Making the Baseball Hall of Fame is no easy feat, especially for a player in their first year of consideration.
Longtime Texas Rangers catcher Ivan “Pudge” Rodriguez is on the ballot for the first time in 2017, and although Rodriguez is widely regarded as one of the best catchers of all time, he may not make it into Cooperstown during his first attempt.
But Rodriguez has one vocal supporter, even though that person doesn’t have a vote: U.S. Rep. Roger Williams.
“He’s perhaps the greatest catcher ever to play the game, and we’re going to see that with the Hall of Fame balloting,” Williams, of Texas, said of Rodriguez.
Williams knows baseball. The former Texas Christian University star and coach played in the Atlanta Braves system after college, and currently co-chairs the Congressional Baseball Caucus. The 67-year-old played three seasons in the Braves farm system, batting .273 as an outfielder and third baseman, according to Baseball Reference.
The Republican congressman, who watched New York Yankees legend Yogi Berra and power-hitting Cincinnati Reds catcher Johnny Bench redefine the position during his formative years, says Rodriguez stacks up to those greats, a five-tool player at a position known for defense.
“Seeing Pudge Rodriguez come up with the Rangers at age 19 and seeing how mature he was and what a great arm he had, what a great hitter he was – he could hit for power, he could hit average, he could even run,” Williams said. “You knew at an early age, 19 or 20 years old, the first two to three years with the Rangers, you were looking at someone special. Perhaps the greatest catcher to ever play the game, and we’re going to see that with the Hall of Fame balloting.”
Rodriguez stacks up with the best catchers of all time according to the stats. The Puerto Rico native and 1999 American League most valuable player is the all-time leader in games caught and ranks third in wins above replacement among all catchers, trailing only Bench and Montreal Expos legend Gary Carter. Rodriguez won 13 Gold Gloves due to his defensive prowess during a 21-year career, 13 of which were spent with the Rangers.
“Pudge is the marquee player, there’s no question about it,” Williams said of the 2017 Hall of Fame class. “You compare his stats to Berra, Bench and (Bill) Dickey, it shows you he should be a first-ballot nomination.”
But earning nomination on the first ballot comes from the Baseball Writers Association of America, a group where some writers are determined to make entry into baseball’s hall a tough feat.
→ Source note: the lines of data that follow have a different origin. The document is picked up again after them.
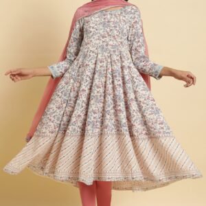 Cream Floral Printed Flared Kurta, Tights & Dupatta Set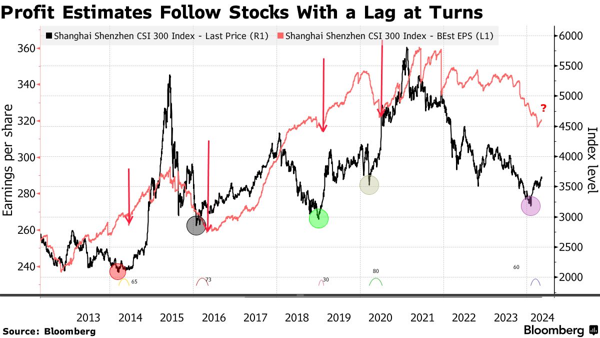 彭博社的数据表明,CSI 300指数在2014年、2016年、2018年和2020年的前低都在接下来的三个月内伴随着收益预期的整体增加。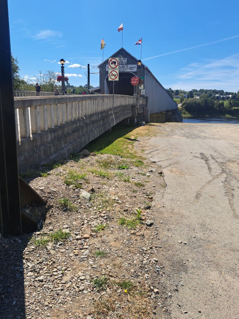 When I wandered off the trail into the town of Hartland to find a convenience store, I happened upon the longest Covered Bridge in the world. That’s what the sign says over the bridge, and I’m going with it. I considered riding through it, but it was a single Lane, and even the cars going opposite directions seemed to be struggling with whose turn it was at any given time.
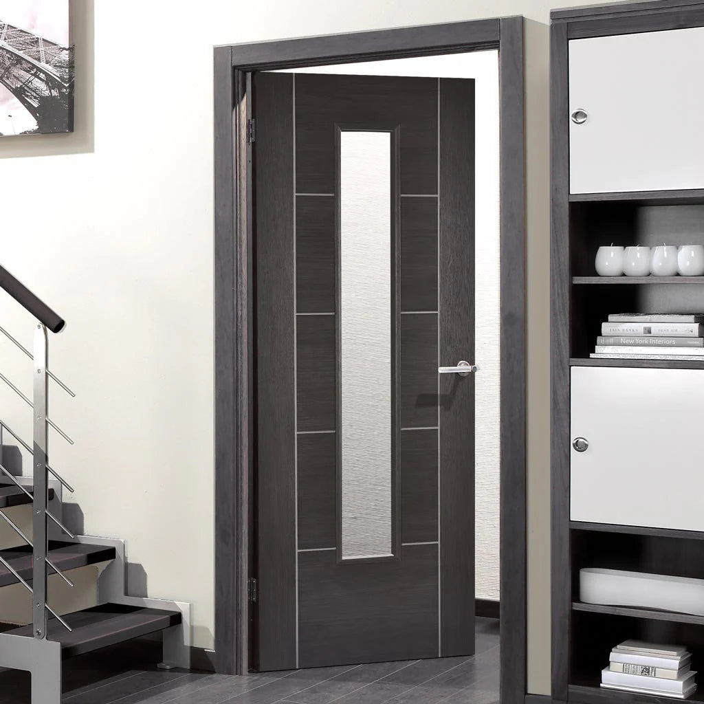 LPD Vancouver Glazed Medium Grey Laminate Internal Door - Fully Finished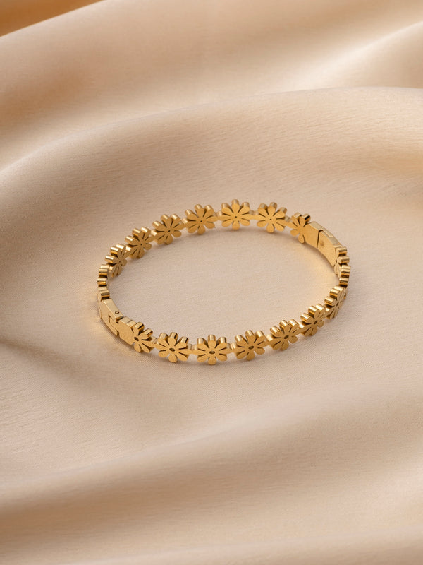 Embrace the joyous beauty of nature with this charming floral bracelet. the cheerful simplicity of a blooming daisy chain and the warmth of a sun-drenched garden, this piece features a continuous link of delicate flower motifs, some gleaming in polished gold, others subtly sparkling with central stones. It's designed to bring a touch of feminine grace and playful elegance to your wrist, perfect for those who carry a love for blossoms and a bright disposition.

Only 51 players in baseball history have been inducted in their first year.
Even Berra, one of the most well-known and beloved players of all time, had to wait a year to be enshrined.
“To be a first ballot recipient is hard, but he’s capable of being a first-ballot guy,” Williams said of Rodriguez.
According to Ryan Thibodaux, who keeps a running tally of baseball Hall of Fame voters who have made their ballots public, Rodriguez has 79.8 percent of the vote among 191 writers. A player must receive 75 percent of all ballots cast to be enshrined.
About 435 writers will ultimately vote, and writers who don’t disclose their ballots publicly typically vote for fewer players, meaning Rodriguez is on the edge of election.
Rodriguez was never suspended or fined for using performance-enhancing drugs, but former Rangers outfielder Jose Canseco alleged he injected Rodriguez with steroids while they were teammates. Rodriguez denied the accusations.
Longtime Houston Astro Jeff Bagwell is widely expected to gain election to the Hall of Fame on his seventh try and former superstars Barry Bonds and Texas native Roger Clemens have been gaining votes, although their election is uncertain.
Bonds and Clemens have divided opinion among baseball fans due to accusations of steroid use. Neither player was ever suspended for a positive test.
Williams said Bonds and Clemens are “not Hall of Fame material right now.”
But the Republican congressman did back another former Ranger for the Hall of Fame: outfielder Vladimir Guerrero, who played for the Rangers in 2010.
“Vlad Guerrero, is a great player, I think he’s certainly Hall of Fame,” Williams said.
While baseball writers wrestle with the prospect of letting in suspected steroid users, Congress tackled the issue in widely-publicized hearings in 2005. Former Ranger Rafael Palmeiro famously waved his finger to Congress saying he never did steroids, but was suspended for steroid use later that year.
“There are issues that Congress probably needs to be involved in, but when you talk about steroids, and how Congress took the steroids issue up several years ago, I immediately said that was wrong,” said Williams, who was not in Congress at the time.
“I think baseball needs to police its game,” he said. “At the time and today there’s so much more pressing in America that Congress needs to put their effort towards than worrying about steroids in baseball. So I was disappointed when all that happened. It was funny that lot of people who were demanding hearings were also asking for their autographs at the same time.”
Results for the 2017 Baseball Hall of Fame class will be announced on Jan. 18.